(EXERCISE PROMPT):
The listing, minus its pictures, is to be given again exactly.

(INFORMATION SUPPLIED):
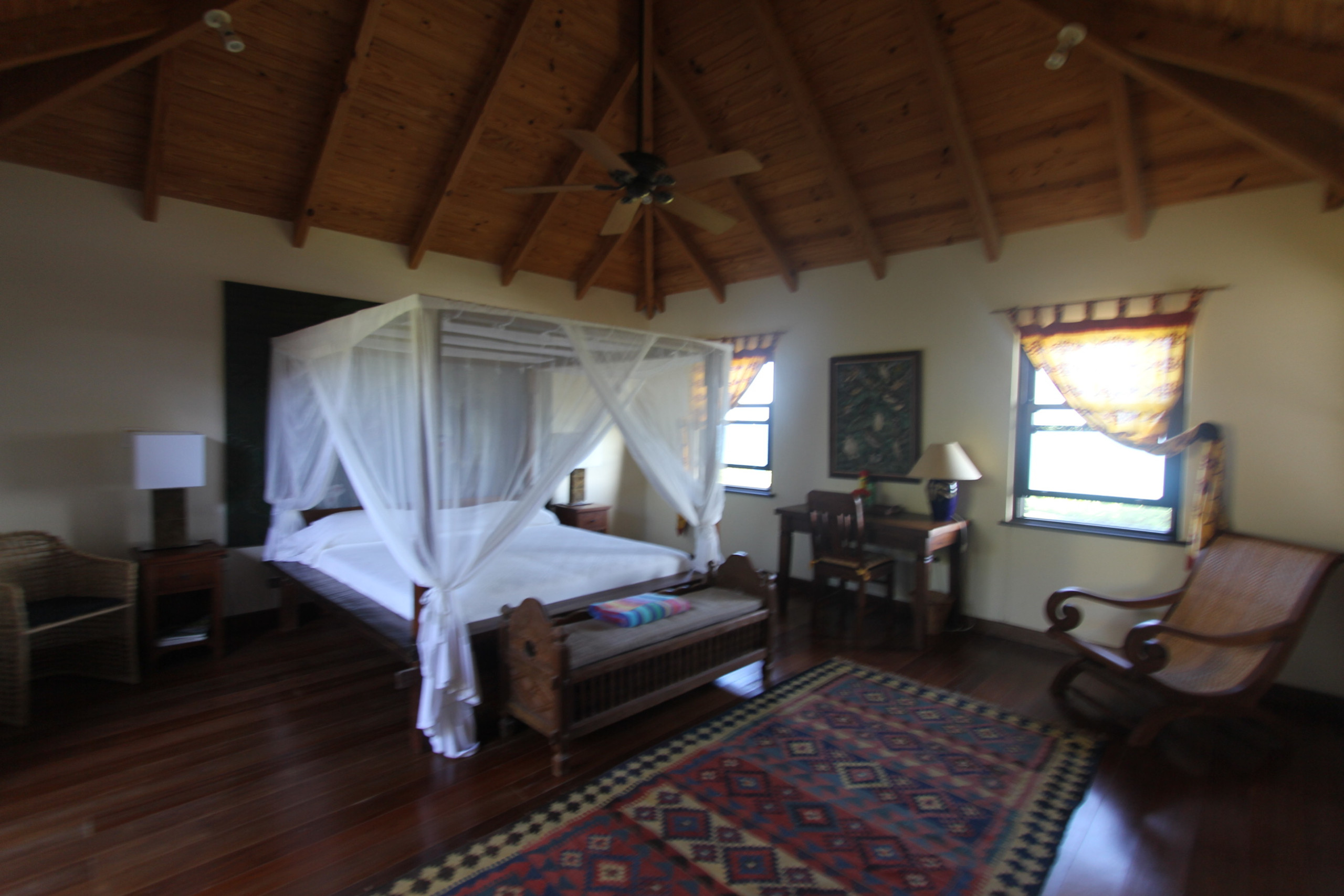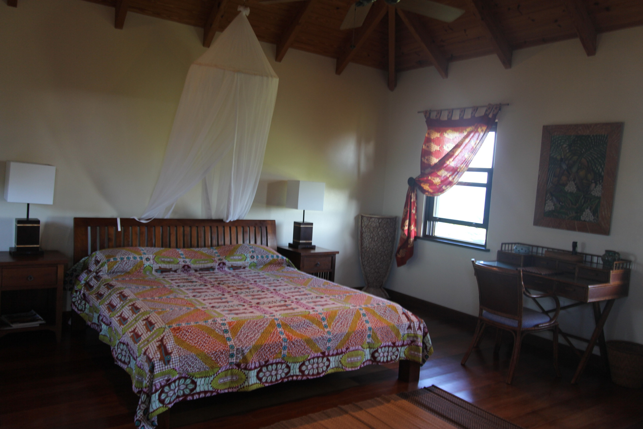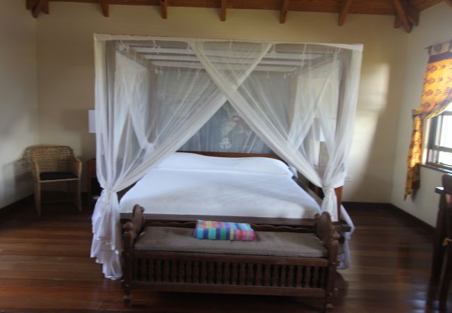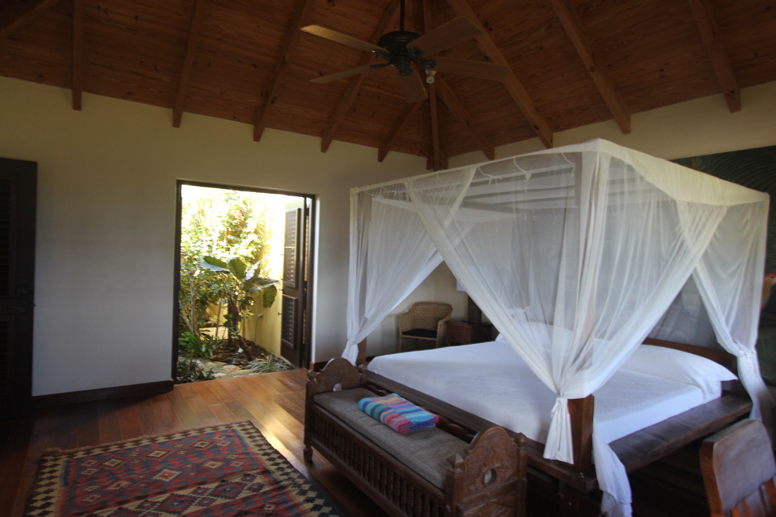 Bedroom 2: King-sized canopy bed, ceiling fan, tranquil garden views, en-suite bathroom with garden shower, double vanity, and WC.
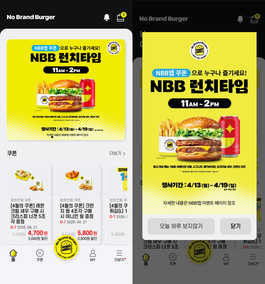 실제 노브랜드 버거는 자체 앱을 통해 실질적인 고객 혜택을 제공하고 있다. 브랜드 슬로건 ‘Why pay more?(왜 더 내?)’에 맞춰 앱 이용자들에게 세트업 등 정기적으로 특별한 혜택을 제공하는 ‘와페모 페스티벌(Why pay more Festival)’과 점심 시간 노브랜드 버거의 대표 메뉴를 부담 없는 가격에 즐길 수 있도록 마련한 ‘NBB 런치타임’ 등을 진행하며 고객들이 일상적으로 가성비를 체감할 수 있도록 하고 있다. 이외에도 ‘사이드 메뉴 증정’, ‘세트업’, ‘1+1’, ‘생일 쿠폰’ 등 다양한 앱 쿠폰을 정기적으로 제공하고 있다.
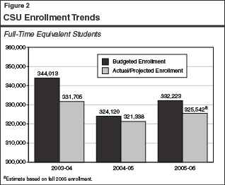 As shown in Figure 2, CSU has not met its budgeted enrollment targets in the previous two years (2003-04 and 2004-05). In other words, the state provided funding for more students than the university enrolled. Based on recent trends and preliminary data, CSU appears unlikely to meet its 2005-06 enrollment target as well.
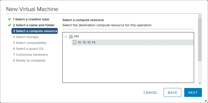 3. Seleccione un recurso informático. Seleccione el host ESXi de destino en el que debe ejecutarse una VMware Android VM. En nuestro caso, estamos utilizando el host ESXi 10.10.10.74.

(WRITTEN RESPONSE):
 Bedroom 2: King-sized canopy bed, ceiling fan, tranquil garden views, en-suite bathroom with garden shower, double vanity, and WC.
 실제 노브랜드 버거는 자체 앱을 통해 실질적인 고객 혜택을 제공하고 있다. 브랜드 슬로건 ‘Why pay more?(왜 더 내?)’에 맞춰 앱 이용자들에게 세트업 등 정기적으로 특별한 혜택을 제공하는 ‘와페모 페스티벌(Why pay more Festival)’과 점심 시간 노브랜드 버거의 대표 메뉴를 부담 없는 가격에 즐길 수 있도록 마련한 ‘NBB 런치타임’ 등을 진행하며 고객들이 일상적으로 가성비를 체감할 수 있도록 하고 있다. 이외에도 ‘사이드 메뉴 증정’, ‘세트업’, ‘1+1’, ‘생일 쿠폰’ 등 다양한 앱 쿠폰을 정기적으로 제공하고 있다.
 As shown in Figure 2, CSU has not met its budgeted enrollment targets in the previous two years (2003-04 and 2004-05). In other words, the state provided funding for more students than the university enrolled. Based on recent trends and preliminary data, CSU appears unlikely to meet its 2005-06 enrollment target as well.
 3. Seleccione un recurso informático. Seleccione el host ESXi de destino en el que debe ejecutarse una VMware Android VM. En nuestro caso, estamos utilizando el host ESXi 10.10.10.74.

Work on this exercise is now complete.